Sunday, May 1, 2011

Rooms with a View

There is a lovely, small exhibition at the Metropolitan Museum, "Rooms with a View: The Open Window in the 19th Century," curated by Sabine Rewald. According to Rewald's essay in the catalogue, it was two sepia drawings from about 1805 by Caspar David Friedrich that inaugurated the motif of paintings and drawings of open windows, a "potent symbol" for Romantic-period artists. (The other "potent" motif was that of the moon, which fascinated many writers and philosophers as well.)

One of the paintings in the exhibit (above), by Georg Friedrich Kersting, portrays a woman embroidering. Since the appearance of her memoir in 1873, we know that the sitter here was the painter Louise Seidler (1786-1866), daughter of an equerry at the university in Jena. Her memoir, according to Rewald, "offers a fascinating account of the artistic life in Jena, Dresden, Weimar, Munich, and Rome between 1786 and 1823." I have not read this memoir, but would certainly like to do so. Rewald calls this painting "a study of contemplation and morning light."

Louise Seidler seems not to have been a particularly great artist, excelling in portraits of young women and girls, e.g., Minna Herzlieb (at the left; see my post on Minna), endowing them with "ein liebliches Dasein" (a charming presence or existence), according to Goethes Weimar. Though Goethe himself liked her pastel of him (below), from 1811, Goethes Weimar is not impressed with it, calling it "weichlich-verblassen" (effeminate-pale).

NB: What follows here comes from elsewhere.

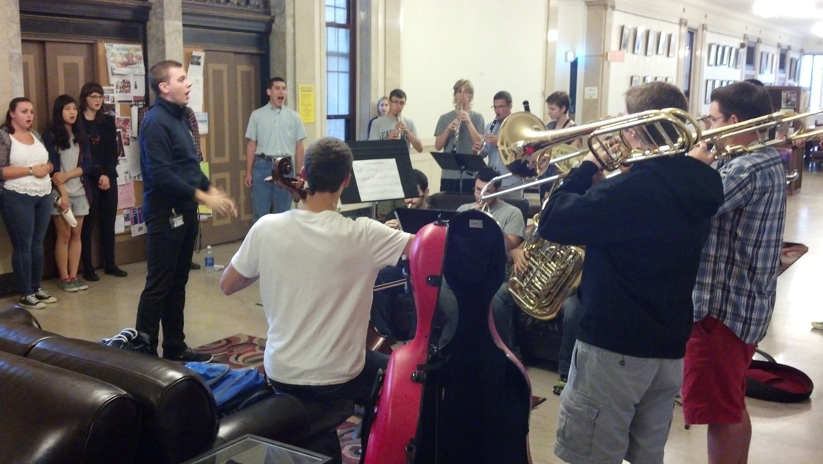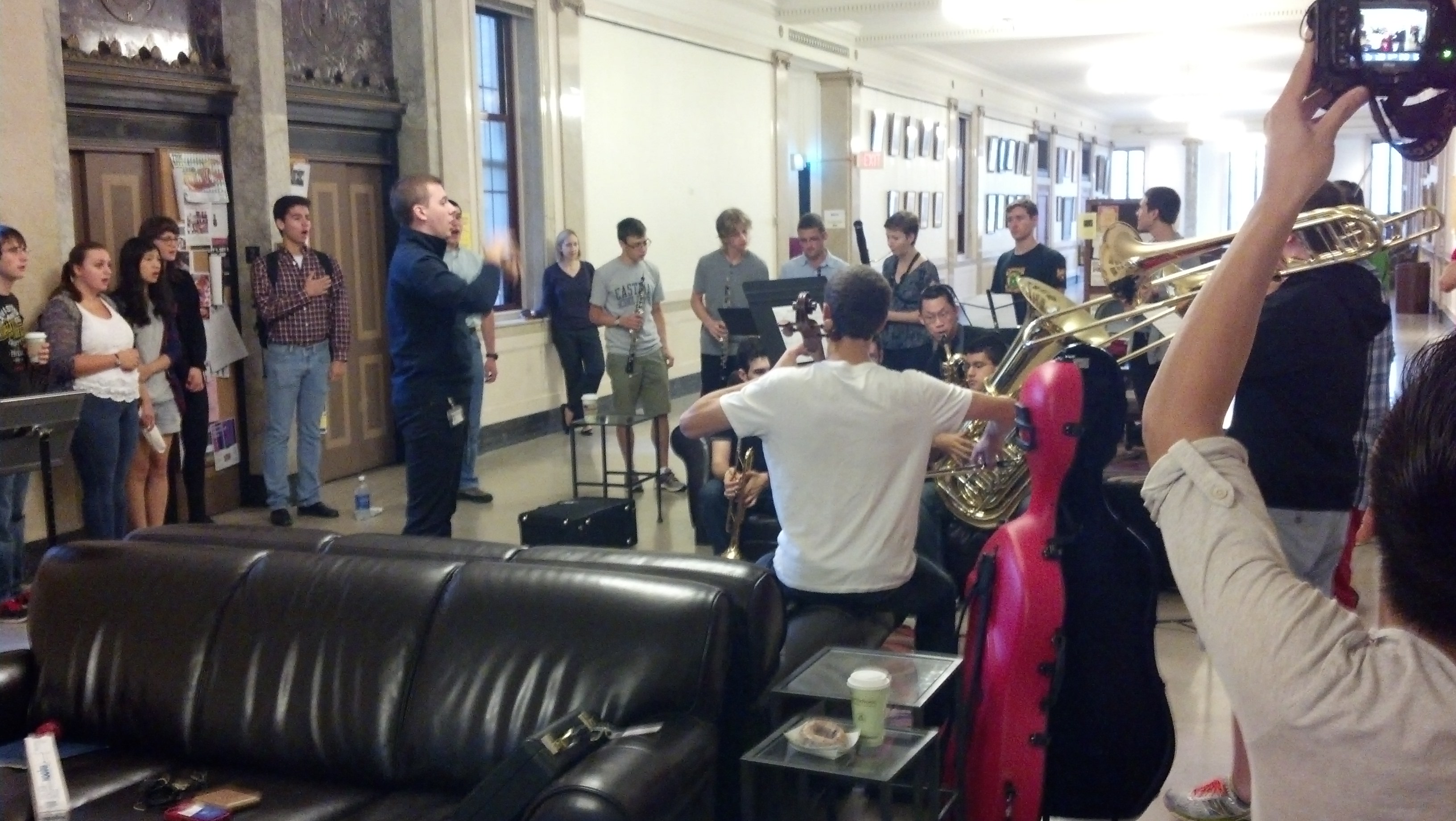 This year, a young freshman student from Croatia, Marco Pranic, had an idea; to play “The Star-Spangled Banner” in memory of the victims of the September 11th attacks. At 8:20 a.m. on this early Thursday morning, Eastman students, spurred by the efforts of Pranic, gathered in the Cominsky Promenade to do what they do best: play their instruments.

Rewald makes a strange claim, asserting that Kersting portrayed Louise Seidler pursuing a feminine activity, embroidering, instead of painting, "most likely because the image of a woman pursuing a man's profession would have raised more than one eyebrow in Germany at the time." That claim, however, goes against the facts on the ground. Goethe was a friend of Seidler's -- he had known her since she was a child and a playmate of his own son August -- and, since she was otherwise without means, later promoted her career, which included having Duke Carl August award her funds to train in Munich and then in Rome, Naples, and Florence between 1817 and 1823.

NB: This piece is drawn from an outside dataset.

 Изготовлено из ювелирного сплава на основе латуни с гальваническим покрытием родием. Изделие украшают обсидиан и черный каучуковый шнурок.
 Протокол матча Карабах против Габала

She seems to have had a charming personality -- Goethes Weimar speaks of her "Liebenswürdigkeit" -- which opened many doors to her, especially in the Romantic circles of Jena. She was a frequent, welcome visitor at Goethe's house am Frauenplan. When she returned from her studies, Goethe arranged free lodging for her, with atelier, and then obtained a position for her, with a yearly salary of 100 talers, teaching drawing to the duke's daughters and managing the collections of the "free drawing academy" (founded by the duke in 1776). It doesn't seem to me that anyone would have been affronted (or "raised an eyebrow") by a portrait of a woman painting.

By the way, Rewald mentions in her catalogue essay "a curious and riveting precedent" to Friedrich's painting of Woman at the Window: the water color of 1787 by Tischbein of Goethe at his window on the via del Corso in Rome. (See also my post on this water color.) According to Rewald, Friedrich did not know of Tischbein's drawing, despite the similarities in the two works: "the emptiness of their settings and the near symmetry of their compositions." Both, according to Rewald, may have as their precedent a work of 1654 by Jacobus Vrel, a painting of a servant woman (above left) at a window, though this "plump model" is unlike the "large, erect, centered figures" in Tischbein's and Friedrich's works.

Dutch painters seem to have made a specialty of women at windows. Think, for instance, of Vermeer's Girl Reading a Letter at the Open Window, which, according to Rewald, was on view in the painting galleries of the Dresden museum when Kersting painted his images of "hushed rooms."